20 mars 2022
Emmanuel Tourpe
Que notre conscience environnementale rejoigne notre conscience bioéthique
Emmanuel Tourpe, philosophe, enseignant, homme de médias, apporte ici des critères de discernement dans le vaste champ de la bioéthique. Il s'interroge sur la raison pour laquelle les États mettent en place des lois fort éloignées du respect des personnes, tel que la vision chrétienne du monde le prévoit. C'est que la bioéthique ne peut pas être seulement un échange rationnel: avant l'exercice de l'argumentation rationnelle, l'humanité se trouve devant des "indécidables", des données relatives à la vie humaine et à la création que l'être humain découvre avant tout au fond de son cœur et qui présentent une valeur fondamentale, intouchable, -- par exemple considérer que l'être humain est la finalité de la création. La raison va se former pour décoder ce que la nature lui enseigne; en même temps, l'action s'inscrit dans un processus de discernement qui implique une conversion: au sens de la création, à la personne, à la compréhension profonde de l'Esprit qui préside à la création. Conversion et formation sont les deux mamelles de la bioéthique.
En présentant deux facettes incontournables de la bioéthique, notre invité décrit deux mondes qui s'affrontent.
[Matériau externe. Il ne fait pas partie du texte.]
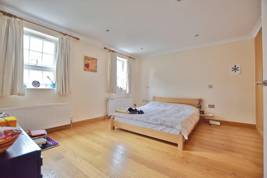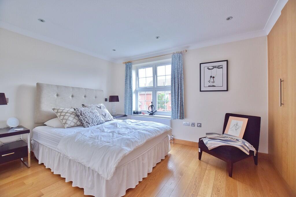 End of terrace modern two storey Georgian style townhouse set in walled square overlooking communal gardens. 2 double wood floored bedrooms with tiled family shower room. Downstairs cloakroom. Reception room with marble floors and french doors opening to private patio garden. Modern kitchen. Th...
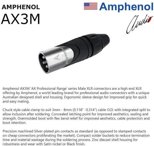 We use the highest-grade, premium Amphenol XLR connectors in this assembly for the ultimate value. AX3M & AXX3F are high end XLR offerings by Amphenol, the AX (Professional) series has great reliability, improved contact integrity & reduced cable strain. The connectors come in a Satin Nickel finished Zinc diecast Shell, Silver-plated contacts, & the AX3M has Machined contacts for superior performance (as opposed to stamped contacts on cheap connectors proliferating the market).

D'abord, il souligne l'importance d'éviter une fausse empathie et d'entrer dans une vraie compassion. Quand nous voulons défendre la vie, il faut nous mettre à l'écoute de ces souffrances monumentales qui marquent l'existence par exemple des enfants avec un handicap ou des jeunes femmes qui portent un enfant, fruit d'une agression sexuelle. Et, avec la psychologie, la spiritualité chrétienne nous montre que si la souffrance peut être soulagée, elle est aussi incontournable. Il est une fausse empathie, qui considérerait que toute souffrance est absurde. Nous regardons la Croix et y trouvons le sens de nos souffrances, de nos limites, de nos privations, de nos manques; il est des deuils, des manques, des souffrances, qui nous construisent.
Ensuite, il faut faire la différence entre la tyrannie de la raison technocratique et le vrai pouvoir de la raison. René Descartes a eu l'intuition selon laquelle l'être humain doit par sa raison se rendre maître de la nature. Il s'en est suivi tout un courant qui a voulu connaître toutes les lois de la nature pour pouvoir la forcer, la faire plier, l'asservir. Nous ne devons pas pour autant nous débarrasser de toute raison. Mais notre raison trouve son exercice harmonieux par une attitude de respect envers la finalité interne de la nature. Au sens philosophique du terme, la nature est ce qui est né avec; nous sommes dans un Noël permanent, qui fait découvrir le sens, la finalité des choses. La raison ne peut s'arroger tous les droits sur la nature, la raison humaine peut comprendre les lois de la nature pour augmenter les capacités de l'humain à se protéger et se défendre en harmonie avec la nature. Cloner du génome humain sur du génome de porc, c'est effectuer des mutations génétiques qui vont contre le sens de l'homme. Il n'est pas bon que notre connaissance du fonctionnement du corps de la femme conduise à implanter des embryons dans le corps d'une autre femme. Le respect de l'embryon, le respect de la finalité du corps de la femme sont des "indécidables" que nous ne pouvons contourner.
Ainsi, notre invité termine son interview en appelant notre conscience environnementale à rejoindre notre conscience bioéthique. Les mêmes principes de respect de la nature, des personnes et du genre humain, devraient s'appliquer aux questions bioéthiques.